Filed by First Niagara Financial Group, Inc.
Pursuant to Rule 425 under the Securities Act of 1933
and deemed filed pursuant to Rule 14a-12 under the
Securities Exchange Act of 1934
Subject Company: NewAlliance Bancshares, Inc.
SEC Registration Statement No.: 001-32007
First Niagara’s Success is Built on Local Bankers Making
Local Decisions in Every Community Where it Does Business
First Niagara Financial Group’s successful business model is distinguished by empowering regional leaders to make local lending and other key decisions in their individual markets to best serve their customers and communities. We are confident that the combination of First Niagara and NewAlliance will be beneficial to employees, customers, shareholders and the communities we serve.
By combining with First Niagara, one of the nation’s strongest and fastest growing banks, NewAlliance will be able to provide a substantially broader range of banking products and other financial services to the communities it serves. The combined company will be well-positioned to continue NewAlliance’s record of philanthropic giving, CRA and minority lending and other community support.
“Our business model has served us well in all of our markets including our legacy footprint in New York and our new markets in Pennsylvania where customers and communities are attracted to our approach and our responsiveness as an organization. We firmly believe our success is built on having local bankers who know the communities make 95 percent of the credit decisions in the regions where we do business,” First Niagara First Vice President Leslie G. Garrity said. “In Connecticut, in-market leadership will be based in what is now the NewAlliance Bank Building on Church Street in New Haven, which will become the New England Regional Market Center for First Niagara. Our team leaders in New Haven and across Connecticut and Massachusetts will make local decisions on credit and banking operations, as well as philanthropy and corporate citizenship.”

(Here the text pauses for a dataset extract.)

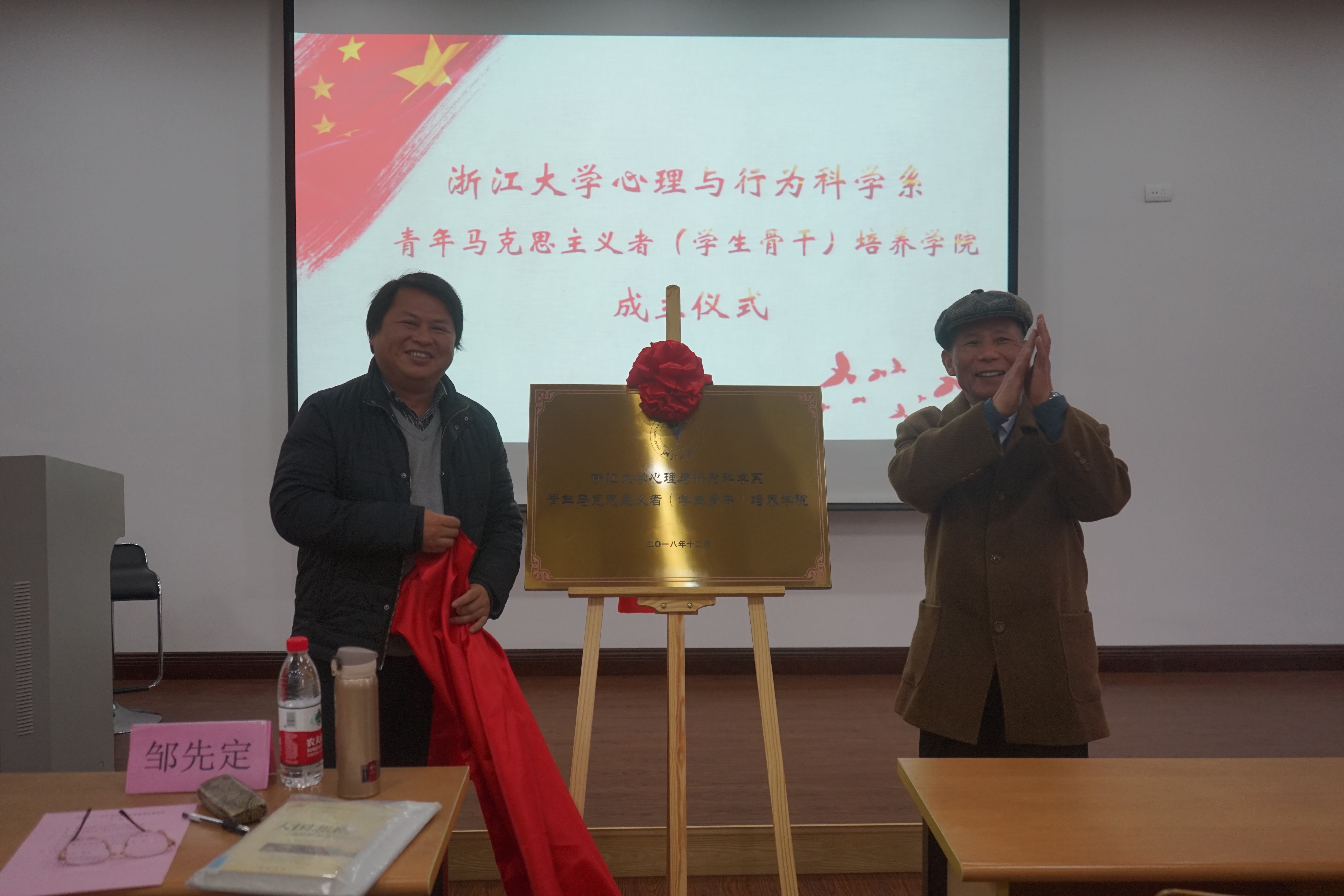 随后,由邹先定老师和林伟连老师一同为浙江大学心理与行为科学系青年马克思主义者(学生骨干)培养学院揭牌,标志着浙江大学心理与行为科学系青年马克思主义者(学生骨干)培养学院正式成立。这是一份信任,也是一份期望。希望同学们能通过青马学院努力能为理论学习的先行者、终身学习的实践者和自主学习的促进者,担民族之希望,强国家之脊梁,拓青春之前路,开盛世之篇章。

First Niagara has already named about 10 senior NewAlliance officers who will assume key leadership roles for the combined company, and will remain based in NewAlliance’s current footprint upon completion of the transaction. As in other regions where it does business, First Niagara’s New England officers will be responsible for ensuring that the bank is making credit available to local consumers and businesses, providing exceptional service, and being good corporate citizens in the communities where they live and work.
“We look forward to making additional senior-level appointments for post-merger leadership roles in the coming weeks,” Garrity added.
The merger closing continues to be expected in April 2011, subject to shareholder and regulatory approval. The transaction is designed to create a regional banking powerhouse with superior credit quality, more than $29 billion in assets, $18 billion in deposits and 340 branches in New England, Pennsylvania and Upstate New York. First Niagara intends to maintain all of NewAlliance’s current branch locations.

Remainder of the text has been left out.